[antlr-interest] Bug? Line number off in generate lexer

Fri Aug 7 16:36:23 PDT 2009

Hi folks:

I see in the generated Lexer code that there are comments in each token method indicating the corresponding line:col in the xxx.g source file. 

For methods implementing lexer rules that line number is accurate.  However, for methods that recognize the tokens in the tokens{...} list, the line number is off by quite a bit.  (Generated with Antlr 3.1.3)

Example:
tokens{
    SemiColon         = ';';   // line 37

Generates
----------------------------------
    // $ANTLR start "SemiColon"
    public final void mSemiColon() throws RecognitionException {
        try {
            int _type = SemiColon;
            int _channel = DEFAULT_TOKEN_CHANNEL;
            // ipsum.g:7:11: ( ';' )      <------------- ERROR
            // ipsum.g:7:13: ';'
            {
            match(';'); if (state.failed) return ;

            }

            state.type = _type;
            state.channel = _channel;
        }
        finally {
        }
    }
    // $ANTLR end "SemiColon"

----------------------------------

In the case above, the line number is off by 30.  Items later in the token{...} list have line numbers progressively more undercounted to the extent there are any blank lines or comment lines in the list.

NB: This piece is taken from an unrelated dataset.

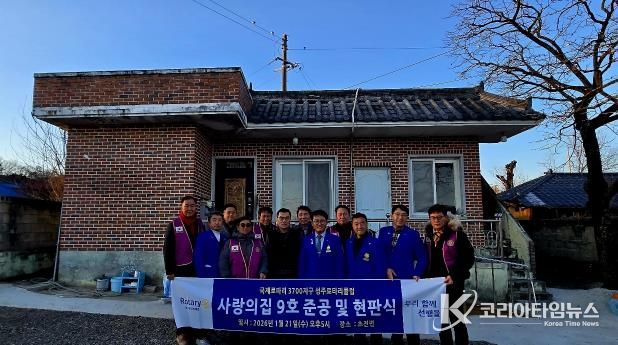 코리아타임뉴스 경북취재본부 | 국제로타리 3700지구 성주로타리 클럽은 1월 22일 성주군 초전면에서 ‘사랑의 집짓기 9호’ 준공 및 현판식을 개최했다.

However I don't see a pattern explaining the undercount before the first token{} item. There may be a substantial size comment at the beginning, but its size doesn't match the initial undercount, so there's something more subtle going on there.

I attach a sample grammar file which demonstrates the problem.

-- Graham

-------------- next part --------------
/*
ipsum grammar
Graham Wideman
Lorem ipsum dolor sit amet,
consectetur adipiscing elit. Nam a
diam id urna lobortis vehicula non at

dolor. Nunc vulputate sem non odio ullamcorper
sodales. Nulla sed tortor a metus posuere tempor.
Etiam fringilla mi vel nisl pellentesque ac sodales dolor
ullamcorper. Suspendisse placerat sodales
turpis, ut auctor quam vestibulum sed. Maecenas

pulvinar blandit aliquet. Aliquam commodo ornare
pharetra. Maecenas a est ipsum, id porta tellus. In
sodales est vitae lectus adipiscing id sodales
nunc volutpat. Donec eu ipsum neque, at viverra o

rci. Sed a libero neque. Nulla eget nibh velit.
Vivamus enim nibh, pretium eget malesuada eu, vulputate
quis mauris. Praesent id mollis sapien. Pellentesque
ut dui eros, non varius nibh.
*/

grammar ipsum;

options {
    backtrack = true;
    memoize = true;
    k=2;
    output = AST;
    ASTLabelType = CommonTree;
}

tokens{
    //-------- Names and strings for non-alphabetical tokens ---------
    SemiColon         = ';';
    SkooglyBoogle     = '\\xx//';

    Comma             = ',';
    LParen            = '(';

    RParen            = ')';
}

@header{
package com.grahamwideman.ipsum.parser;
}
@lexer::header{
package com.grahamwideman.ipsum.parser;
}

prog : statement*;

statement
    : SkooglyBoogle SemiColon
    ;

//========================== Lexer ===================

//----------------------- Numbers -----------------

fragment
Digits
	: '0'..'9'+
	;

fragment
DNum
	:(('.' Digits)=>('.' Digits)|(Digits '.' Digits?))
	;

Boolean
    : 'true' | 'false' | 'TRUE' | 'FALSE'
    ;

Null
    : 'NULL'
    ;

//------------------ String-related -------------

Identifier
   : ('a'..'z' | 'A'..'Z' | '_')  ('a'..'z' | 'A'..'Z' | '0'..'9' | '_')*
   ;

//----------------- white space ------------

WhiteSpace
@init{
    $channel=HIDDEN;
}
	:	(' '| '\t'| '\n'|'\r')*
	;